Only Scoring When It Counts
According to NHL.com, after 69 games the Habs sit 17th out of 30 teams in goals for with 187. That puts them on pace to end the season with 223. It’s somehow good for first place in the Atlantic division and fifth place in the ridiculously lopsided Eastern Conference. Yet it’s only two more than the 221 they managed last season when they finished a full eight places lower. It’s also very similar to the totals for every season so far this decade.
From 2009-10, the Canadiens have never scored less than 212 goals and never more than 221. For a team that doesn’t score, they’re remarkably consistent at it. So how have they managed to be in the bottom 10 or 15 in goals scored for eight years and still managed to be in the division top-four in six of those years, winning the Atlantic two of the past four seasons?

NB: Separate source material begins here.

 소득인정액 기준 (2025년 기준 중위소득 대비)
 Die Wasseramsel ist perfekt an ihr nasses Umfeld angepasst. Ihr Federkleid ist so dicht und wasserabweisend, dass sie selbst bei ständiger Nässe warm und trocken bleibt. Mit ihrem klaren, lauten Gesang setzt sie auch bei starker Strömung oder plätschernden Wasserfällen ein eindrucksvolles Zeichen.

Maybe there’s still a little of the old Montreal Forum magic floating around the Bell Centre.
After all, what’s the point of being the Canadiens if you can’t take advantage of history?
In 2016-17, the Habs lead the entire league in total wins and winning percentage in games when trailing after two periods. They’ve accomplished 10 wins when down after 40 minutes, showing a real resiliency and scoring efficiency. Of course, they’ve trailed after two periods a total of 29 times which is slightly worse than average, but not that far off the other Eastern Conference juggernauts that will have to contend with them in the playoffs.
For instance, the Pittsburgh Penguins (24 times), Rangers (22 times), Blue Jackets (20 times) and Washington Capitals (20 times) were down after 40 minutes fairly often themselves for being high scoring teams. Pittsburgh is second overall with a .333 winning percentage, but not as good as Montreal’s .345 percentage. New York and Columbus assembled only 22.5 percent and 20.0 percent, respectively. Washington, the supposed Stanley Cup lock at the moment, is a dismal 15.0 percent, or 2.3 times less successful than the Habs at third period comebacks.
With Price now stopping some shots at key moments it provides the team with a chance to win, but someone (or something) is scoring those game winners. All of these teams have similar stats when it comes to holding leads so that edge in experience, and possibly divine intervention, when clawing back into games could play a huge part in favour of the Canadiens in a seven game series.
Do You Believe in Magic?
The best part of the six-game winning streak was that it featured three consecutive overtime wins. It’s a stretch to draw comparisons to the 10 straight overtime victories of the 1993 playoffs that propelled them to their last Stanley Cup. On the other hand, it’s also fun to believe the hockey Gods and the ghosts of the Montreal Forum may be smiling down yet again on the sport’s most mythical franchise.